That _should_ be all you need to do... Have you see this page?

First make sure you have libusb-0.1.12 installed. Then try the command "mtp-detect" with your device plugged in. It you don't get any output, try creating the udev rules in the above link. Sorry I can't be of more assistance, I've never used amarok or an MTP device.

Also, in case you weren't aware, using "USE=" to emerge things is not recommended. It's okay for testing (with -p), but you should add the use flags you want to either the global /etc/make.conf or on a per-package basis in /etc/portage/package.use -- read "man portage" for more information.

----------

## hypnotic

Hi ducky -

Rest easy in knowing that the YP-K5 *can* be used with Linux because I just got mine working with Amarok.  Here's a step-by-step. This should help anybody who has an MTP player. I haven't figured out how to get the Amarok auto-detect to work yet.

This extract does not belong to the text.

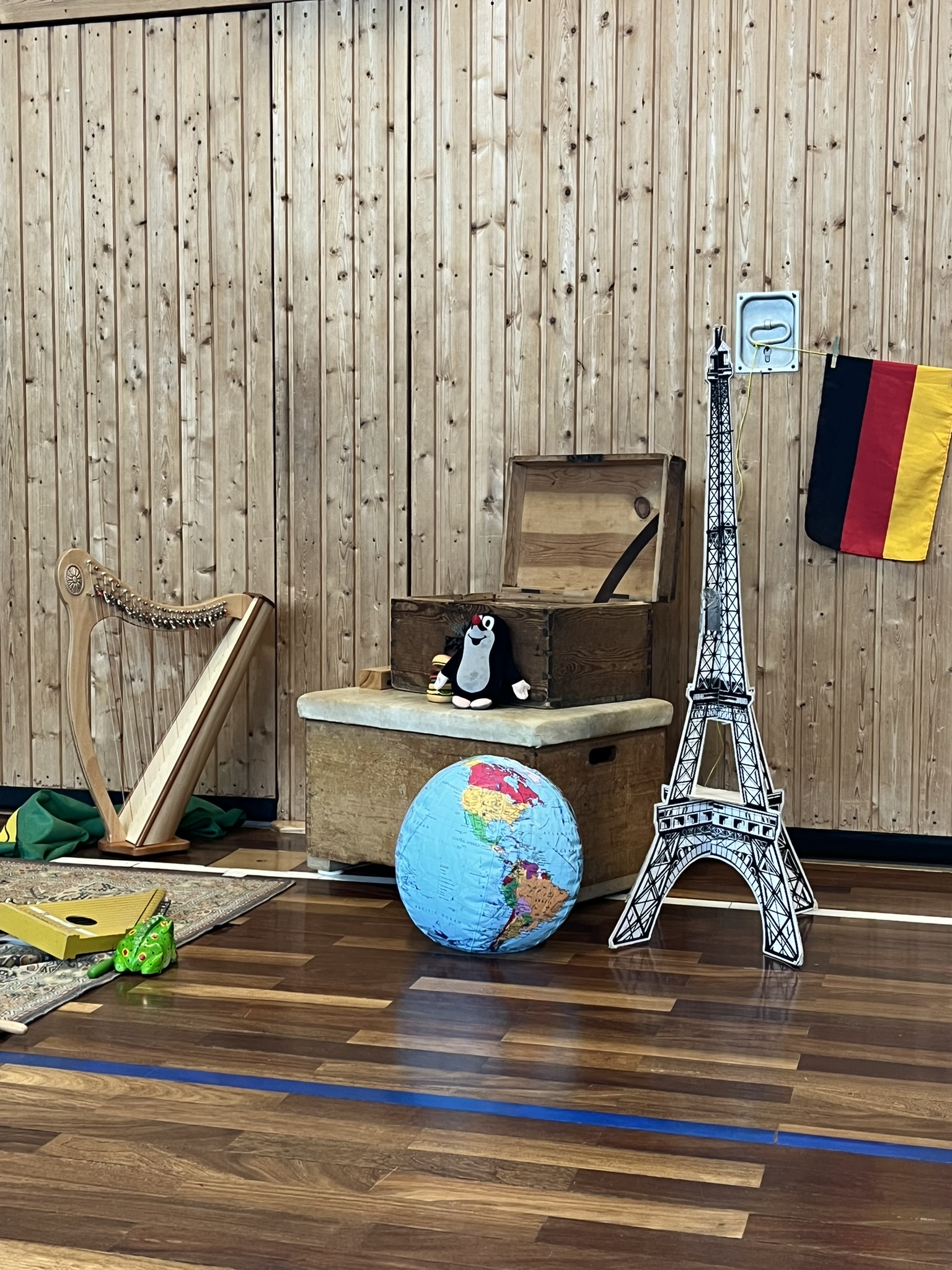 Bevor es ins nächste Land ging, galt es Rätsel zu lösen, gemeinsam Instrumente zum Klingen zu bringen und Mitbringsel für die Schatzkiste einzupacken. Zum Abschluss konnten die Mädchen und Jungen selbst eine Kinderharfe zum Klingen bringen.
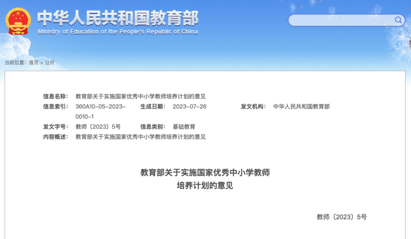 中国青年报客户端北京7月27日电(中青报·中青网记者 樊未晨)记者从教育部获悉,为深入实施科教兴国战略,夯实创新人才培养基础,教育部印发了《教育部关于实施国家优秀中小学教师培养计划的意见》(以下简称“国优计划”《意见》),从2023年起,国家支持“双一流”建设高校为代表的高水平高校选拔专业成绩优秀且乐教适教的学生作为“国优计划”研究生,在强化学科专业课程学习的同时,系统学习教师教育模块课程(含参加教育实践),为中小学输送一批教育情怀深厚、专业素养卓越、教学基本功扎实的优秀教师。

1) First make sure you've got libmtp installed.  For Gentoo users, emerge libmtp.  Non-Gentoo users are on their own.

2) You should now be able to plug the player in and see it. Issue the following command. mtp-detect. If it says "No MTP Devices", that's the first thing you need to fix. This is where I was stuck for quite a while. Manually adding the YP-K5 to the udev rules did not help me. But after an "emerge --sync", "emerge avDNu" cycle, it magically started working. Incidentally, modifying the udev rules isn't necessary on an up-to-date Gentoo system because the new udev rules know about the YP-K5.

3) Once you've got mtp-detect working, you should be able to do mtp-files or mtp-tracks to see a list of tracks on your device. There are several other mtp commands. (Type mtp- and hit Tab a couple times to see a list)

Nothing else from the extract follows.